- YOUR OBJECTIVE -
Once you find the line with "Visit Proof |", output it and every line after it exactly, through the last line of the listing, but no pictures.

- SUPPLIED DATA -

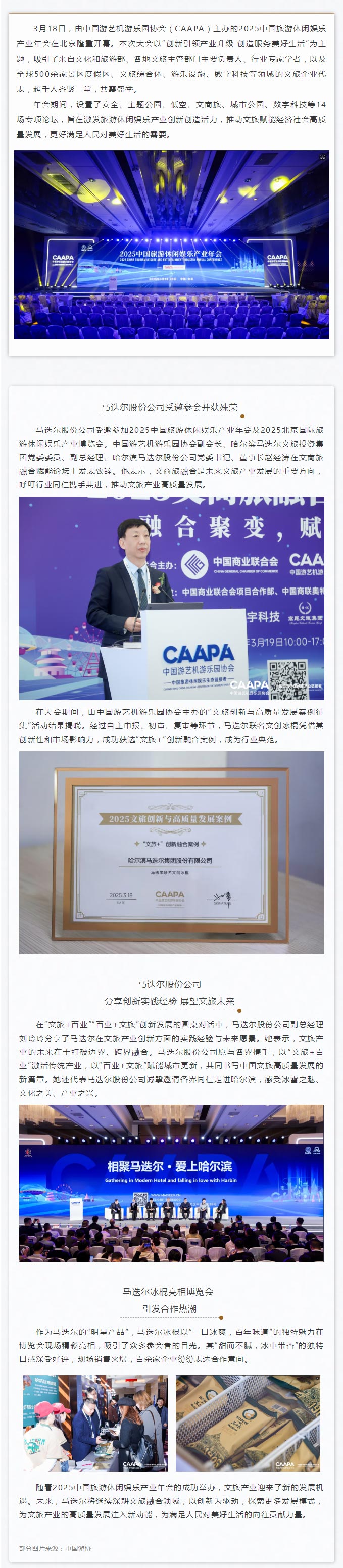 2025中国旅游休闲娱乐产业年会在京开幕-马迭尔股份公司精彩亮相并获殊荣
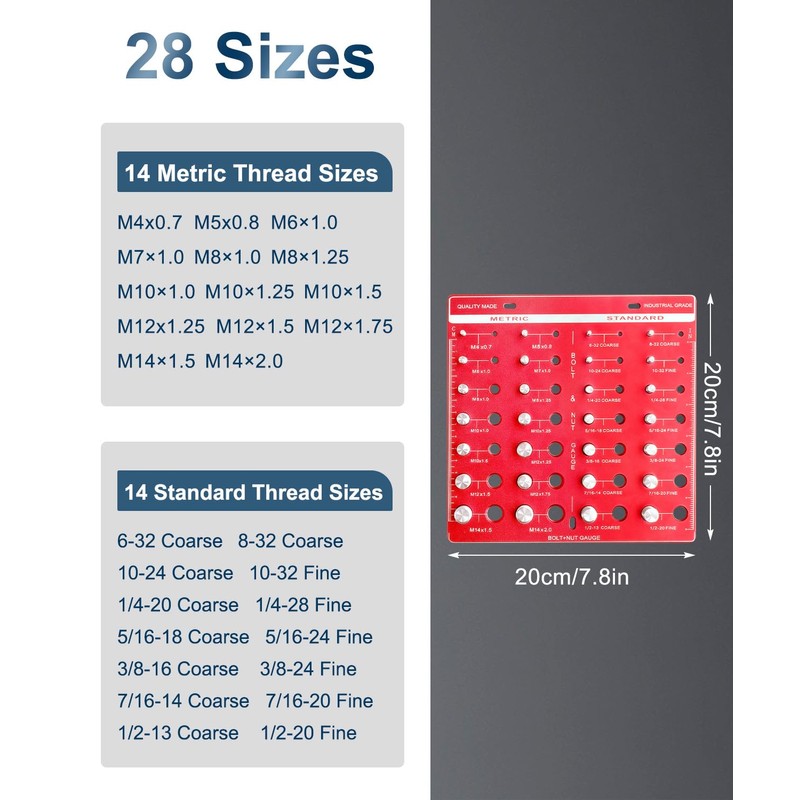 Nut and Bolt Thread Checker, Bolt Identifier Board, Bolt and Nut Identifier Gauge, Screw Bolt Size and Thread Gauge, Thread Checker with 14 Standard and 14 Metric
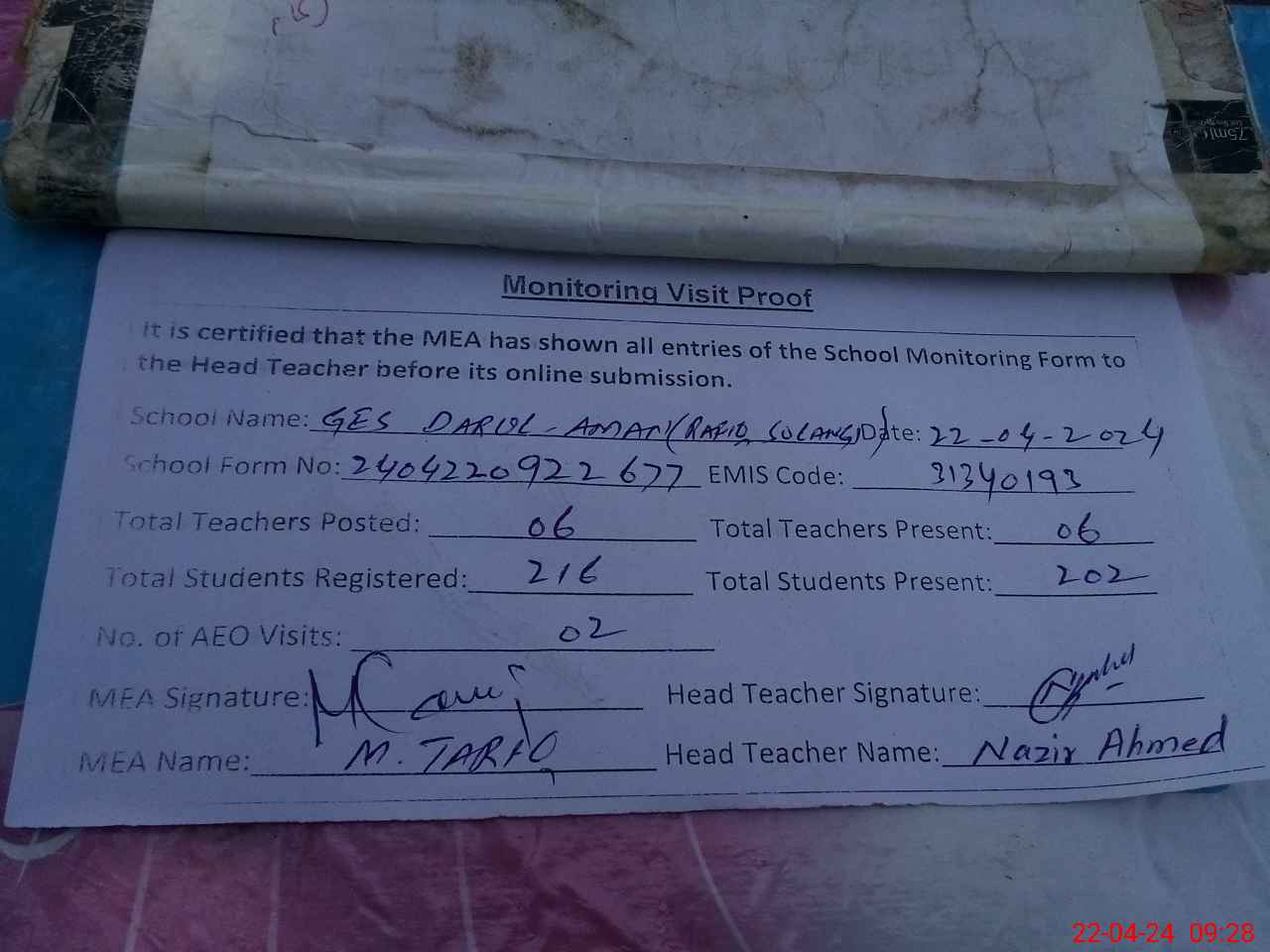 | Attendance Register | Head Teacher | MEA with School | Visit Proof |
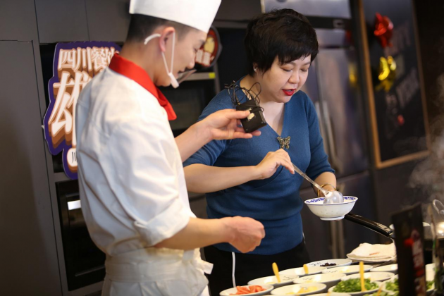 第一轮美食赛由罗小刚和万喜分别携麻辣空间无渣清油火锅底料和川味清油火锅底料进行pk,现场更有给力粉丝一次性购入50袋底料对本次公益活动予以支持。

- RESULT OF THIS EXERCISE -
 | Attendance Register | Head Teacher | MEA with School | Visit Proof |
 第一轮美食赛由罗小刚和万喜分别携麻辣空间无渣清油火锅底料和川味清油火锅底料进行pk,现场更有给力粉丝一次性购入50袋底料对本次公益活动予以支持。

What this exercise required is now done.